| Problem statement |
Reproduce the listing below word for word and exclude any picture.

| Dataset excerpt |
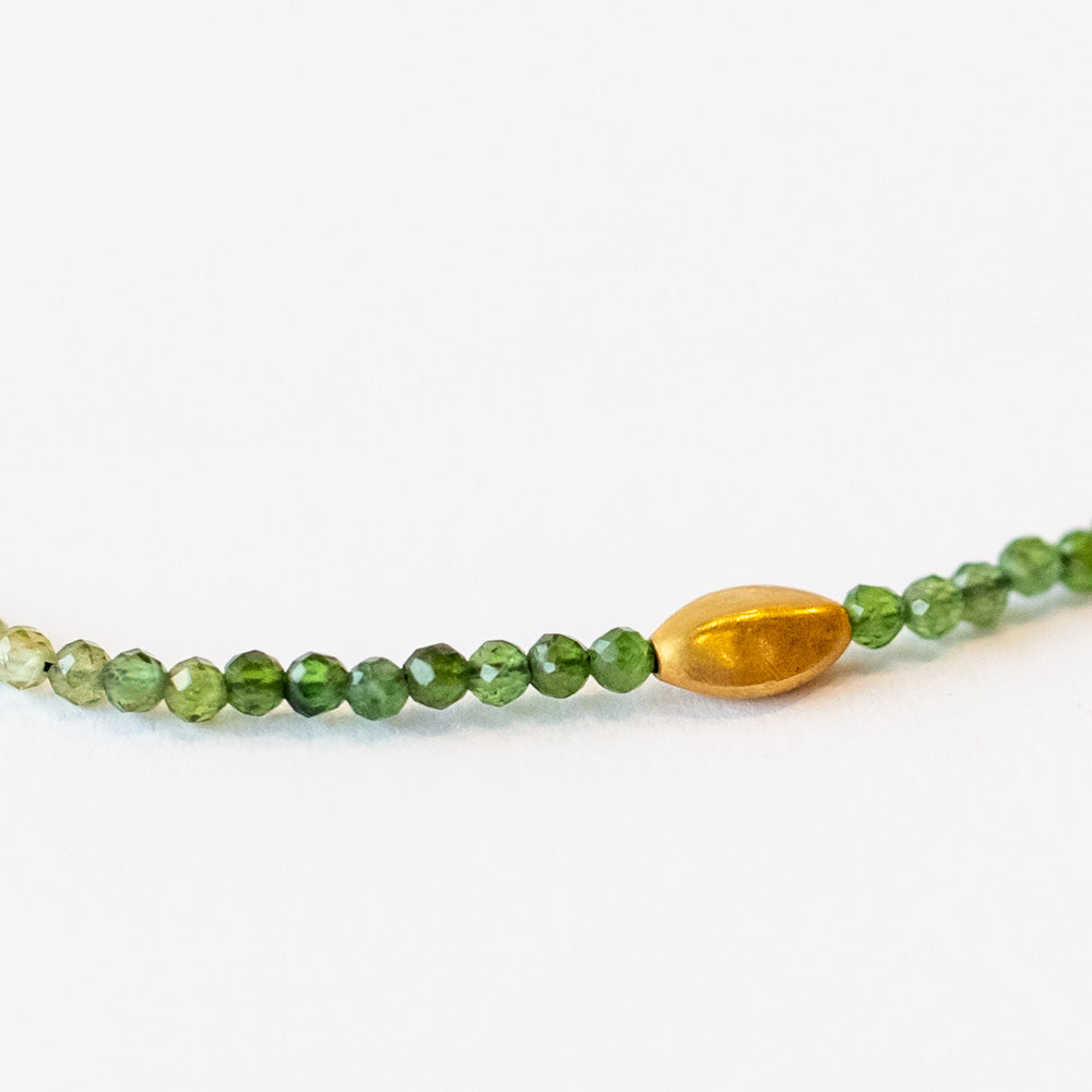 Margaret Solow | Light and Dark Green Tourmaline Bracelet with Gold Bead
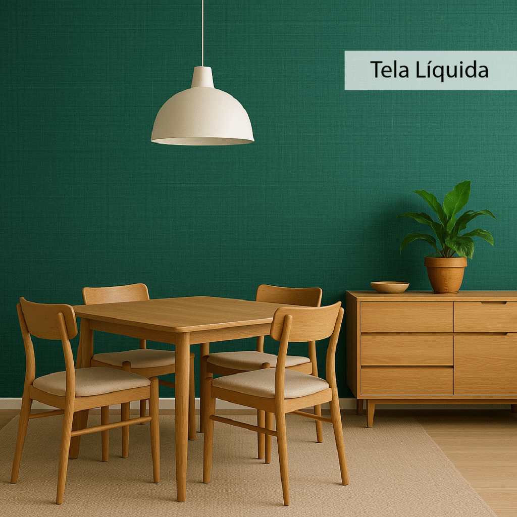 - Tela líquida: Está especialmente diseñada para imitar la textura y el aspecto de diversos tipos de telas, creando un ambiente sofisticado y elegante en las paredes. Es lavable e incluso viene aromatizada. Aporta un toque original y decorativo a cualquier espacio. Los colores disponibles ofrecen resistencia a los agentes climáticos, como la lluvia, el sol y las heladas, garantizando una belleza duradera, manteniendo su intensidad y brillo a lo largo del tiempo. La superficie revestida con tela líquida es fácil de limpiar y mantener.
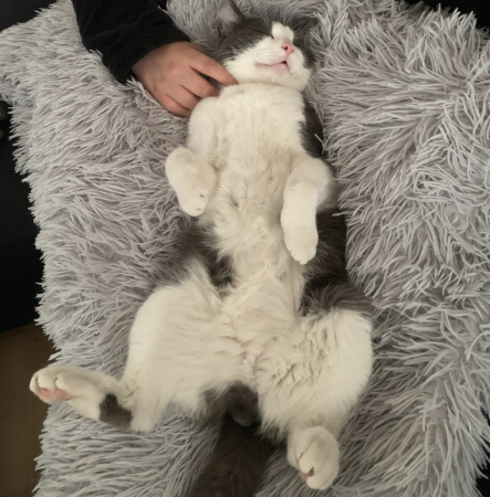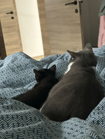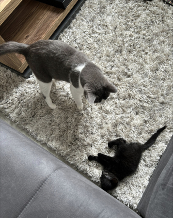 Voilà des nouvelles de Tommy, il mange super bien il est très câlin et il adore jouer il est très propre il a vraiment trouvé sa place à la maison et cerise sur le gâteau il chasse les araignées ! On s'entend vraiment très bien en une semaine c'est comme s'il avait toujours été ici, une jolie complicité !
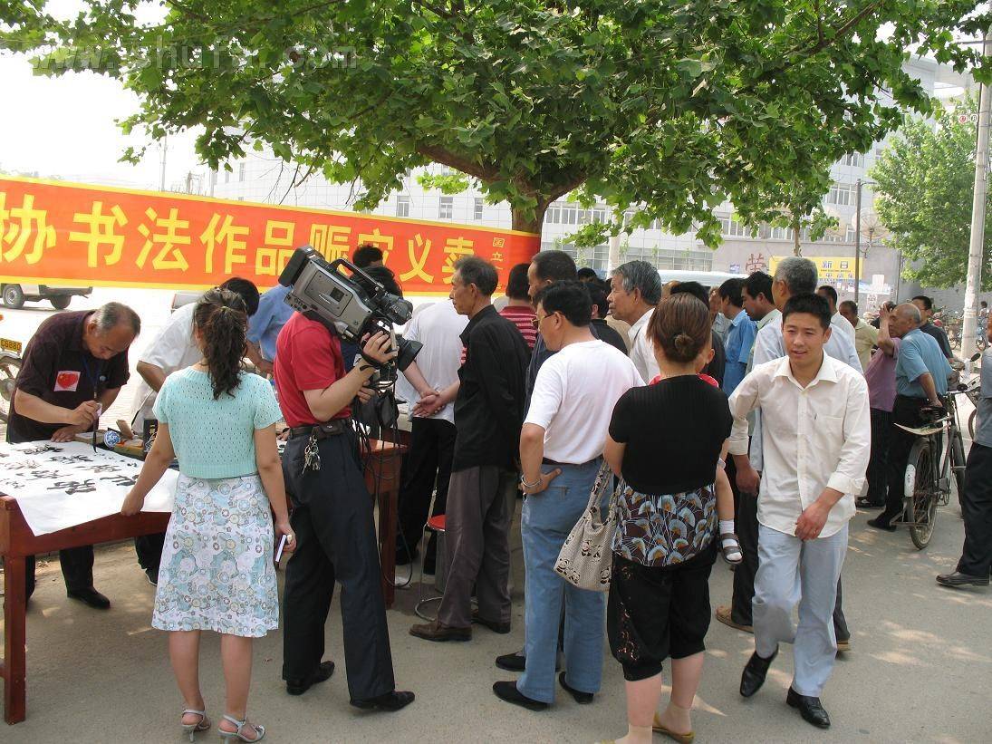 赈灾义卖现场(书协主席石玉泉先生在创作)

| Response |
 Margaret Solow | Light and Dark Green Tourmaline Bracelet with Gold Bead
 - Tela líquida: Está especialmente diseñada para imitar la textura y el aspecto de diversos tipos de telas, creando un ambiente sofisticado y elegante en las paredes. Es lavable e incluso viene aromatizada. Aporta un toque original y decorativo a cualquier espacio. Los colores disponibles ofrecen resistencia a los agentes climáticos, como la lluvia, el sol y las heladas, garantizando una belleza duradera, manteniendo su intensidad y brillo a lo largo del tiempo. La superficie revestida con tela líquida es fácil de limpiar y mantener.
 Voilà des nouvelles de Tommy, il mange super bien il est très câlin et il adore jouer il est très propre il a vraiment trouvé sa place à la maison et cerise sur le gâteau il chasse les araignées ! On s'entend vraiment très bien en une semaine c'est comme s'il avait toujours été ici, une jolie complicité !
 赈灾义卖现场(书协主席石玉泉先生在创作)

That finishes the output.